----- Input data
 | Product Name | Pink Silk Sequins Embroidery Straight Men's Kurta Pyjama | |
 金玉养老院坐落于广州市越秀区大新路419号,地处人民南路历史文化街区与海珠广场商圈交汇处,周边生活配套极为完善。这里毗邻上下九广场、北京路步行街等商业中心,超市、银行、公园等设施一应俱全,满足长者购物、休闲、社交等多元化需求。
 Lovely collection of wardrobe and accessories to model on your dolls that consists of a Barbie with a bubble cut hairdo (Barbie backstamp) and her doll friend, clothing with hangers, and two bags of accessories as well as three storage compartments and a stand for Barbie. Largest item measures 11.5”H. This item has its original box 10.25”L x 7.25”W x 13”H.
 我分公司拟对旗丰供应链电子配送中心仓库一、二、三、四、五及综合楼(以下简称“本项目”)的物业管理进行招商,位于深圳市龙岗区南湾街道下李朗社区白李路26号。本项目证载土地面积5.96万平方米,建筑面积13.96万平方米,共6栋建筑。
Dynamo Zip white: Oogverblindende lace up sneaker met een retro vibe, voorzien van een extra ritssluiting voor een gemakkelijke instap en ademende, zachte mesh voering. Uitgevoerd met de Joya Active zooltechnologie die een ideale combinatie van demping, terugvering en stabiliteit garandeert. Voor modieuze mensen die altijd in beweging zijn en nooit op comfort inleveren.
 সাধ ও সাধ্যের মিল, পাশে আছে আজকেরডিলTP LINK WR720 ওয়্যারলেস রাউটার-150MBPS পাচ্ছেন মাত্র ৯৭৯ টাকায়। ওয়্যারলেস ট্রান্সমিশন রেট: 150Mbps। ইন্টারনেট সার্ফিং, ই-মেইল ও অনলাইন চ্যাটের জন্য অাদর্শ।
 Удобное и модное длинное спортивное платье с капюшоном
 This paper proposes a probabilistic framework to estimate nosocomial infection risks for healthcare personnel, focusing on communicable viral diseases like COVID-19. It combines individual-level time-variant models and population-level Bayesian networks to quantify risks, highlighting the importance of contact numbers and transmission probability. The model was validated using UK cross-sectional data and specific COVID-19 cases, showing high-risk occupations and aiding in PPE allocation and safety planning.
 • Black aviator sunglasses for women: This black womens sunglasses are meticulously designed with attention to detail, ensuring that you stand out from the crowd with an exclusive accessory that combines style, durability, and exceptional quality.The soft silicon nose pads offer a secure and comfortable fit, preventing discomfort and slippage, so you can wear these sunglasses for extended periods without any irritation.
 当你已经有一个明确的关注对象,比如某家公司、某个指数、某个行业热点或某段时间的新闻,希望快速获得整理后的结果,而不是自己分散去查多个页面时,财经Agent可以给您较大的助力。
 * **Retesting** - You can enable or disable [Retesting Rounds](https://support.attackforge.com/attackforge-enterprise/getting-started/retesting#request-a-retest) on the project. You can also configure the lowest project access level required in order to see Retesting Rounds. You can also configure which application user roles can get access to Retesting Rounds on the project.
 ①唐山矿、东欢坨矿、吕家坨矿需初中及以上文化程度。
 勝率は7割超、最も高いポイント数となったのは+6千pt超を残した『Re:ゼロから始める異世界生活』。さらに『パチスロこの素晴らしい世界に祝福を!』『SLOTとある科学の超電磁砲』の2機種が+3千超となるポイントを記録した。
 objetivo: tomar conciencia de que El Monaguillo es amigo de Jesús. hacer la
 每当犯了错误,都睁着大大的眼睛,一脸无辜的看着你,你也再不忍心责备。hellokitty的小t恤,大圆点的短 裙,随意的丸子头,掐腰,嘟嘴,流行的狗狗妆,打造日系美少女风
----------
:: What is needed ::
An exact repetition of all the entries is required.

:: Your response ::
 | Product Name | Pink Silk Sequins Embroidery Straight Men's Kurta Pyjama | |
 金玉养老院坐落于广州市越秀区大新路419号,地处人民南路历史文化街区与海珠广场商圈交汇处,周边生活配套极为完善。这里毗邻上下九广场、北京路步行街等商业中心,超市、银行、公园等设施一应俱全,满足长者购物、休闲、社交等多元化需求。
 Lovely collection of wardrobe and accessories to model on your dolls that consists of a Barbie with a bubble cut hairdo (Barbie backstamp) and her doll friend, clothing with hangers, and two bags of accessories as well as three storage compartments and a stand for Barbie. Largest item measures 11.5”H. This item has its original box 10.25”L x 7.25”W x 13”H.
 我分公司拟对旗丰供应链电子配送中心仓库一、二、三、四、五及综合楼(以下简称“本项目”)的物业管理进行招商,位于深圳市龙岗区南湾街道下李朗社区白李路26号。本项目证载土地面积5.96万平方米,建筑面积13.96万平方米,共6栋建筑。
Dynamo Zip white: Oogverblindende lace up sneaker met een retro vibe, voorzien van een extra ritssluiting voor een gemakkelijke instap en ademende, zachte mesh voering. Uitgevoerd met de Joya Active zooltechnologie die een ideale combinatie van demping, terugvering en stabiliteit garandeert. Voor modieuze mensen die altijd in beweging zijn en nooit op comfort inleveren.
 সাধ ও সাধ্যের মিল, পাশে আছে আজকেরডিলTP LINK WR720 ওয়্যারলেস রাউটার-150MBPS পাচ্ছেন মাত্র ৯৭৯ টাকায়। ওয়্যারলেস ট্রান্সমিশন রেট: 150Mbps। ইন্টারনেট সার্ফিং, ই-মেইল ও অনলাইন চ্যাটের জন্য অাদর্শ।
 Удобное и модное длинное спортивное платье с капюшоном
 This paper proposes a probabilistic framework to estimate nosocomial infection risks for healthcare personnel, focusing on communicable viral diseases like COVID-19. It combines individual-level time-variant models and population-level Bayesian networks to quantify risks, highlighting the importance of contact numbers and transmission probability. The model was validated using UK cross-sectional data and specific COVID-19 cases, showing high-risk occupations and aiding in PPE allocation and safety planning.
 • Black aviator sunglasses for women: This black womens sunglasses are meticulously designed with attention to detail, ensuring that you stand out from the crowd with an exclusive accessory that combines style, durability, and exceptional quality.The soft silicon nose pads offer a secure and comfortable fit, preventing discomfort and slippage, so you can wear these sunglasses for extended periods without any irritation.
 当你已经有一个明确的关注对象,比如某家公司、某个指数、某个行业热点或某段时间的新闻,希望快速获得整理后的结果,而不是自己分散去查多个页面时,财经Agent可以给您较大的助力。
 * **Retesting** - You can enable or disable [Retesting Rounds](https://support.attackforge.com/attackforge-enterprise/getting-started/retesting#request-a-retest) on the project. You can also configure the lowest project access level required in order to see Retesting Rounds. You can also configure which application user roles can get access to Retesting Rounds on the project.
 ①唐山矿、东欢坨矿、吕家坨矿需初中及以上文化程度。
 勝率は7割超、最も高いポイント数となったのは+6千pt超を残した『Re:ゼロから始める異世界生活』。さらに『パチスロこの素晴らしい世界に祝福を!』『SLOTとある科学の超電磁砲』の2機種が+3千超となるポイントを記録した。
 objetivo: tomar conciencia de que El Monaguillo es amigo de Jesús. hacer la
 每当犯了错误,都睁着大大的眼睛,一脸无辜的看着你,你也再不忍心责备。hellokitty的小t恤,大圆点的短 裙,随意的丸子头,掐腰,嘟嘴,流行的狗狗妆,打造日系美少女风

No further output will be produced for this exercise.